Collected data entries
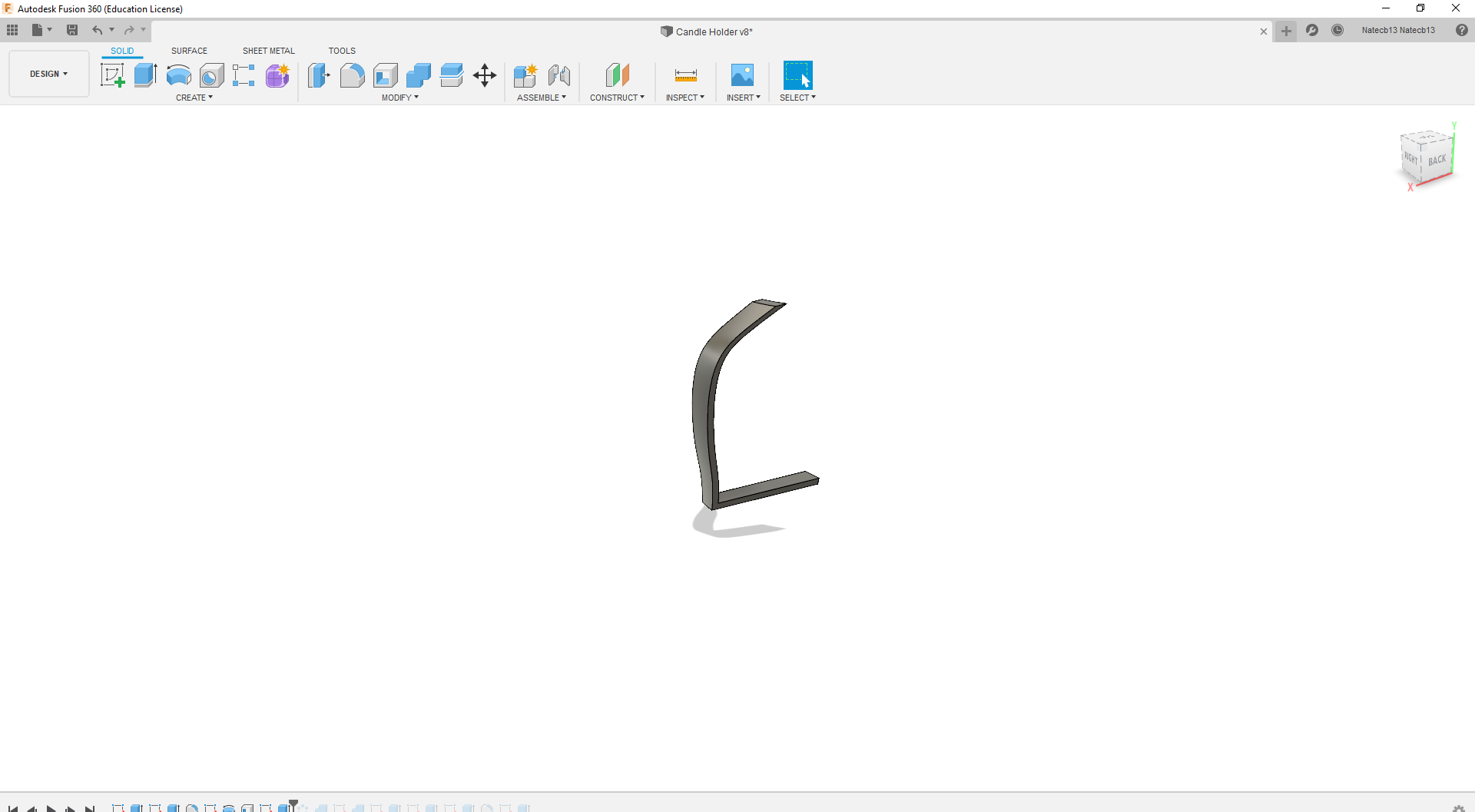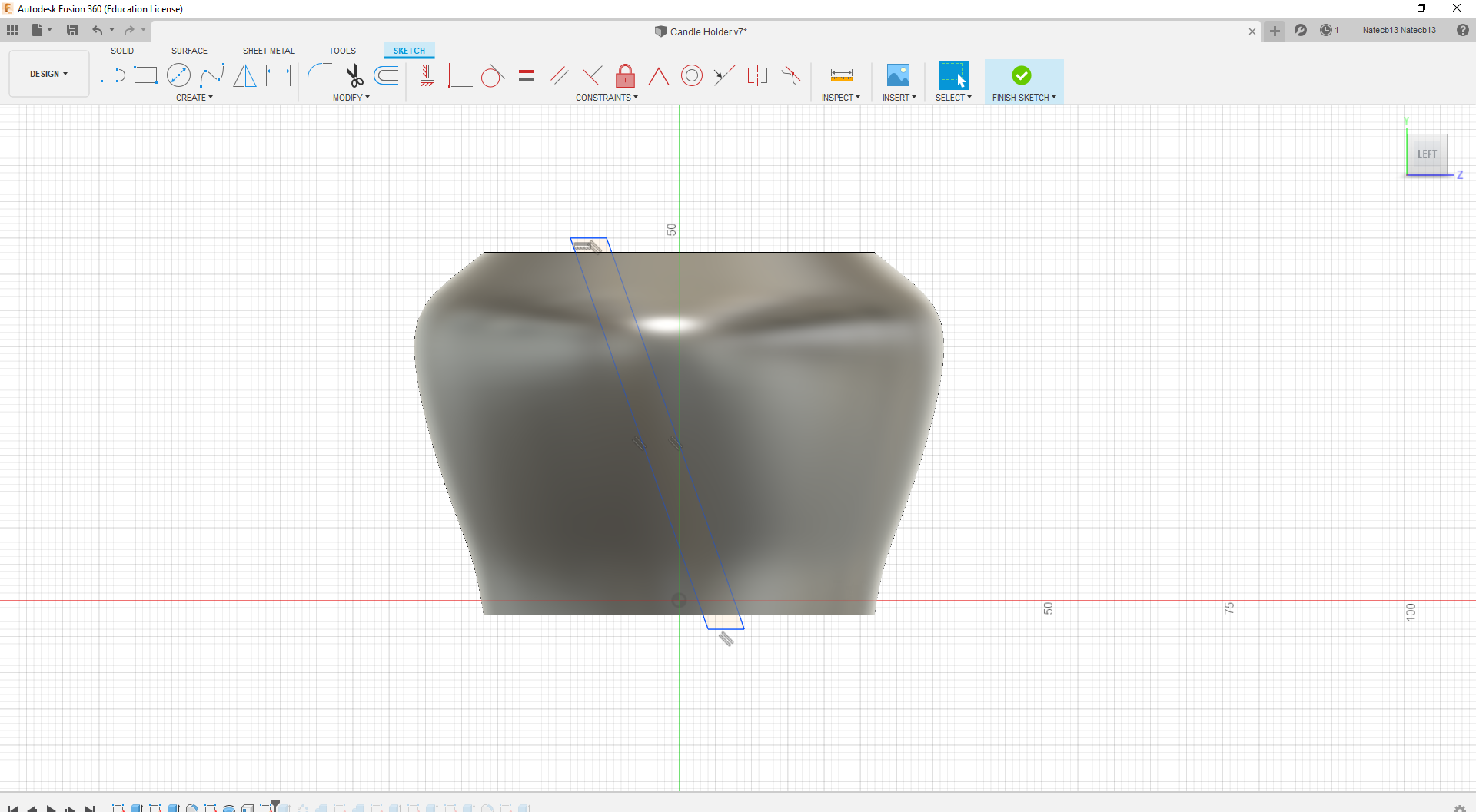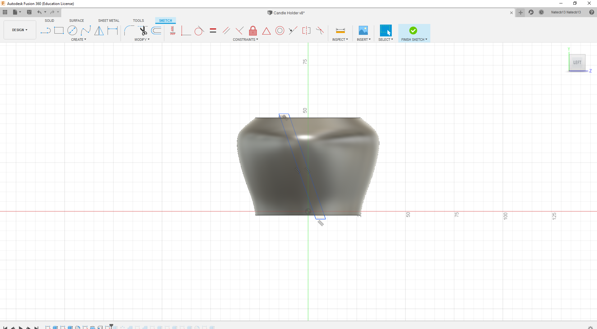 To make the main shape we will be using the revolve tool. First, we need to make the shape to revolve. Start a sketch on the XZ plane. Using the line tool, make a line that reaches through the center of the candle. This doesn't need to have an exact dimension, just make sure its a bit past the candle bottom and top. Make two lines reaching gout from the top and bottom of that line. See the first image of this step to get a better idea of the shape going for. Your holder doesn't have to have the same shape as mine! Be creative! Use the spline tool to create a curved line. Use the knobs and tools to change the slopes of your curve. Make sure that the spline closes off the shape. The shape should turn a slight orange color if it is correctly closed off. Select the revolve tool from the toolbar. Select the Z-axis as your rotating axis and the sketch we just drew for what we want to revolve. Revolve a full 360 degrees (this is the default value). We now have to hollow this body out to make it more like a bowl. Select the "Shell" tool from the toolbar. Select the body we just revolved and set and outer shell of 1.5mm. Great! We are almost done!
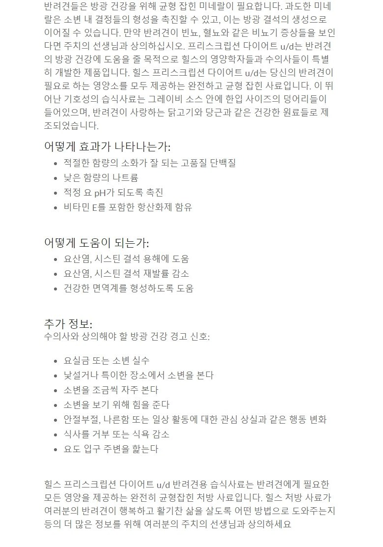 | [ 유통기한 : 2026년 08월 ] 유통기한 확인 후 구매 부탁드립니다!!!!!! 힐스 (Hill's) 독 u/d ud 캔 370g(치킨맛) 강아지 비뇨기계 처방 습식사료 |
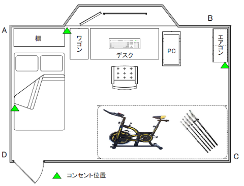 コンセントの位置が偏っておりC点方向にはコンセントが無いと今頃部屋作りに失敗したと後悔しています。今は健康の為いずれ使うであろうスピンバイクや釣り道具が占領しており全く設置出来ない状況であります。はははのはー
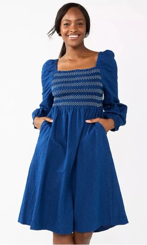 Draper James RSVP long sleeve dress in navy with smocked bodice and square neckline. Features side p... Show more
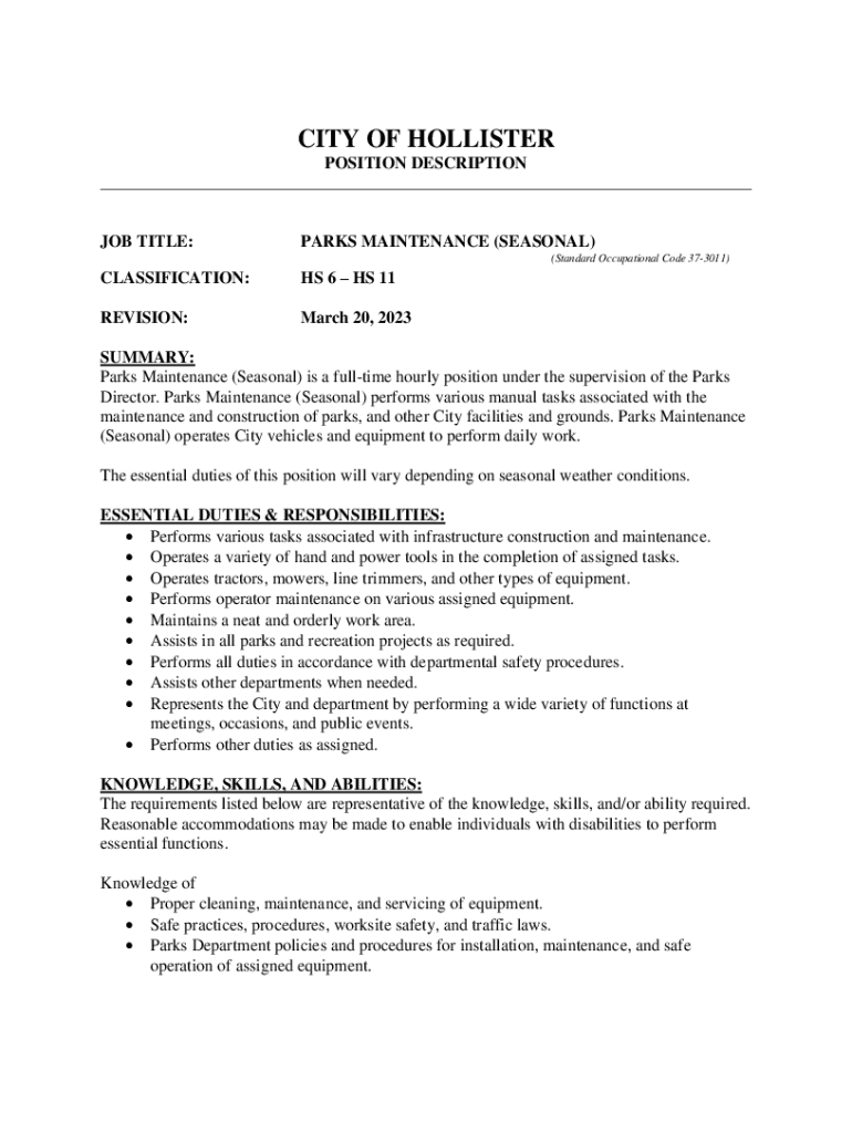 CITY OF HOLLISTER POSITION DESCRIPTION ___JOB TITLE:PARKS MAINTENANCE (SEASONAL) (Standard Occupational Code 373011)CLASSIFICATION:HS 6 HS 11REVISION:March 20, 2023SUMMARY: Parks Maintenance (Seasonal)
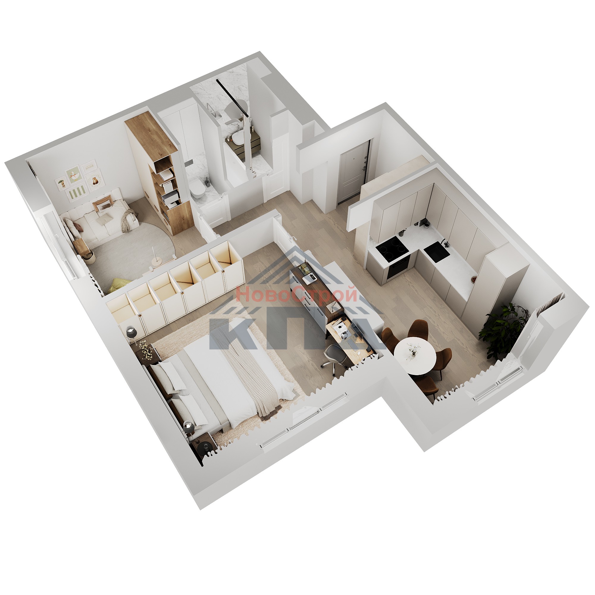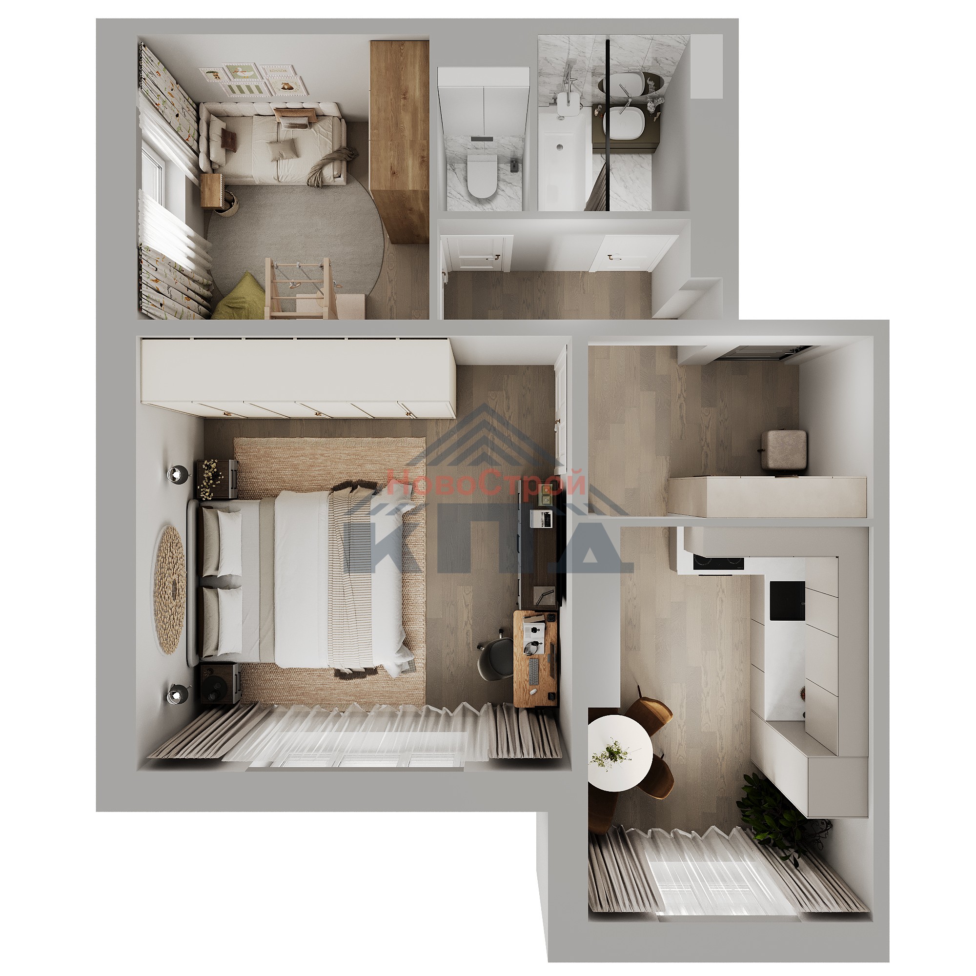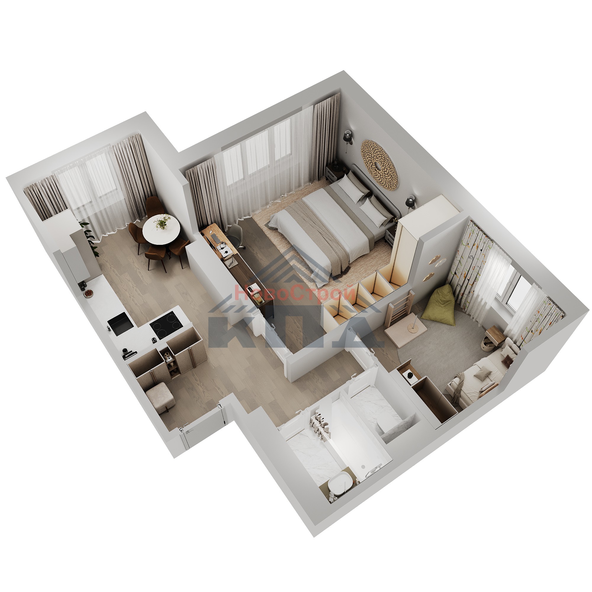 2-комнатная квартира приведенной площадью 49,79 кв. м. На кухне 11 кв. м. вы можете установить кухонный гарнитур с большой рабочей поверхностью и круглый обеденный стол для домочадцев и гостей. Со второго этажа в кухне устанавливается окно в пол. Просторная квадратная гостиная около 19 кв. м., здесь можно разместить и спальную зону, и рабочую, и зону отдыха. Рядом со спальней (или детской) более 8 кв. м. располагается раздельный санузел. В прихожей можно установить шкаф-купе. Вход в квартиру возможен через большой межквартирный холл (около 19 кв.м.) на три квартиры.

▸ Task description: Quote every entry exactly, with the pictures omitted.

▸ Problem solution:
 To make the main shape we will be using the revolve tool. First, we need to make the shape to revolve. Start a sketch on the XZ plane. Using the line tool, make a line that reaches through the center of the candle. This doesn't need to have an exact dimension, just make sure its a bit past the candle bottom and top. Make two lines reaching gout from the top and bottom of that line. See the first image of this step to get a better idea of the shape going for. Your holder doesn't have to have the same shape as mine! Be creative! Use the spline tool to create a curved line. Use the knobs and tools to change the slopes of your curve. Make sure that the spline closes off the shape. The shape should turn a slight orange color if it is correctly closed off. Select the revolve tool from the toolbar. Select the Z-axis as your rotating axis and the sketch we just drew for what we want to revolve. Revolve a full 360 degrees (this is the default value). We now have to hollow this body out to make it more like a bowl. Select the "Shell" tool from the toolbar. Select the body we just revolved and set and outer shell of 1.5mm. Great! We are almost done!
 | [ 유통기한 : 2026년 08월 ] 유통기한 확인 후 구매 부탁드립니다!!!!!! 힐스 (Hill's) 독 u/d ud 캔 370g(치킨맛) 강아지 비뇨기계 처방 습식사료 |
 コンセントの位置が偏っておりC点方向にはコンセントが無いと今頃部屋作りに失敗したと後悔しています。今は健康の為いずれ使うであろうスピンバイクや釣り道具が占領しており全く設置出来ない状況であります。はははのはー
 Draper James RSVP long sleeve dress in navy with smocked bodice and square neckline. Features side p... Show more
 CITY OF HOLLISTER POSITION DESCRIPTION ___JOB TITLE:PARKS MAINTENANCE (SEASONAL) (Standard Occupational Code 373011)CLASSIFICATION:HS 6 HS 11REVISION:March 20, 2023SUMMARY: Parks Maintenance (Seasonal)
 2-комнатная квартира приведенной площадью 49,79 кв. м. На кухне 11 кв. м. вы можете установить кухонный гарнитур с большой рабочей поверхностью и круглый обеденный стол для домочадцев и гостей. Со второго этажа в кухне устанавливается окно в пол. Просторная квадратная гостиная около 19 кв. м., здесь можно разместить и спальную зону, и рабочую, и зону отдыха. Рядом со спальней (или детской) более 8 кв. м. располагается раздельный санузел. В прихожей можно установить шкаф-купе. Вход в квартиру возможен через большой межквартирный холл (около 19 кв.м.) на три квартиры.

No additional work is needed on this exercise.